The Macintosh LC II is a personal computer designed, manufactured, and sold by Apple Computer from March 1992 to March 1993. The LC II is an update to the original Macintosh LC, replacing its Motorola 68020 processor with a 68030 and increasing the onboard memory to 4 MB. The LC II was priced at US$1,699, fully $800 less than the original LC when it was introduced.

In September 1992, Apple introduced the Macintosh Performa family of consumer-oriented computers.  The LC II was repackaged as the Performa 400.  When LC II was replaced by the Macintosh LC III in early 1993, the LC II was discontinued in North America, and two new Performa models (the 405 and 430) were introduced in its place.  In October, the Performa 400, 405 and 430 were all discontinued and a new LC II-based model called the Performa 410 was introduced which became Apple's new entry-level computer. The LC II continued to be sold in some markets for some time after that.

The LC II was Apple's highest-selling Macintosh product in 1992.

Overview 
The LC II retains the original LC's 16-bit system bus and 10 MB RAM limit, making its performance roughly the same as the earlier model. The main benefit of the 68030 processor in the LC II is its onboard paged memory management unit, which System 7 uses to enable its new virtual memory feature. Apple had opted to get a quick update to the LC out the door instead of spending the additional time required to do a full architectural update, which would happen the following year with the Macintosh LC III.

The LC II was sold at the same time as the Macintosh IIsi, which was more than $800 more expensive than the LC II, but did not have its 10 MB memory limit, 16-bit data bus, and mono audio output.  The IIsi also includes a NuBus expansion slot that the LC II lacks, and can be powered on via a button on the keyboard, unlike the LC range which has a power switch on the back of the unit.

Hardware 

Case: The LC II retains its predecessor's pizza box form factor.  The design was updated during the LC II's production run when the auto-inject floppy drive was substituted for a manual-inject unit.  The revised front bezel no longer featured the horizontal indentation aligning with the floppy drive, a defining characteristic of the Snow White design language.

Logic board: The LC II retains much of the original LC's logic board design, including a 16-bit data path and a 10 MB memory limit.  These limitations limited the machine's ability to take full advantage of the 68030 CPU.

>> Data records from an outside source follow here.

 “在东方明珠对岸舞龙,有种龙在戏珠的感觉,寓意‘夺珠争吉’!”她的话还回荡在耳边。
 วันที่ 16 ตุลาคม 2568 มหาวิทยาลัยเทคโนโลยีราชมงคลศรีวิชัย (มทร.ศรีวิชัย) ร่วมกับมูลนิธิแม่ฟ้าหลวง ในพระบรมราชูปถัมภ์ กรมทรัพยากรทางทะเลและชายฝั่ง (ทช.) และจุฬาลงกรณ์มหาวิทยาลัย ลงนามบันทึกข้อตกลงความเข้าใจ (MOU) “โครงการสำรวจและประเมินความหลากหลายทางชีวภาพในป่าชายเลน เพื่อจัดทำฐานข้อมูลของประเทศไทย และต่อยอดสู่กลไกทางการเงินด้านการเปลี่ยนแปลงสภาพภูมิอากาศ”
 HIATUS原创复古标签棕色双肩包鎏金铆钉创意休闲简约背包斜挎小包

Storage: The LC II shipped with one floppy drive as standard, with options for 40 or 80 MB hard drives.  While the original LC had two internal floppy drive connectors, the LC II has one.  About 5% of the LC units sold had two floppy drives, and internal hard disks were becoming common by 1992, so the second connector was removed.

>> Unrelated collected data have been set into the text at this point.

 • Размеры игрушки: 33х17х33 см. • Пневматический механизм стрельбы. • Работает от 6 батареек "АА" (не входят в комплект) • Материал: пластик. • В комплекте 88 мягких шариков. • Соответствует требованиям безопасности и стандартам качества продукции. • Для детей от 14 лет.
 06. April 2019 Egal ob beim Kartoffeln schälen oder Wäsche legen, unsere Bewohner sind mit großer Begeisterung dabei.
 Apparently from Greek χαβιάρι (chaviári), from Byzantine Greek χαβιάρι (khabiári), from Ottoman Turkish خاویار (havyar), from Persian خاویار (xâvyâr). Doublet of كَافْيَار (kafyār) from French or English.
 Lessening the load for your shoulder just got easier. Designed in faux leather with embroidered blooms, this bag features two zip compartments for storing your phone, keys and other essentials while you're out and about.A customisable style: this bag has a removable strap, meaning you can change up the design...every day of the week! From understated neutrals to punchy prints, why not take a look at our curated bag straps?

Video: The LC II's logic board has one video RAM slot, which is filled with a 256 KB SIMM as standard; the high-end configuration was shipped with a 512 KB SIMM instead.  VRAM SIMMs from the original LC are supported in the LC II.

Upgrades: Apple sold a $599 upgrade kit that replaced the LC II's logic board with that of the LC III.

Models 

Introduced March 23, 1992 (and discontinued March 15, 1993):
 Macintosh LC II: Sold in these configurations:
 4 MB RAM, 40 MB HDD. US$1,699.
 4 MB RAM, 80 MB HDD, 256 KB VRAM. US$1,849.
 4 MB RAM, 80 MB HDD, 512 KB VRAM. US$2,049.

Introduced September 14, 1992:
 Performa 400: 4 MB RAM, 512 KB VRAM, 80 MB HDD.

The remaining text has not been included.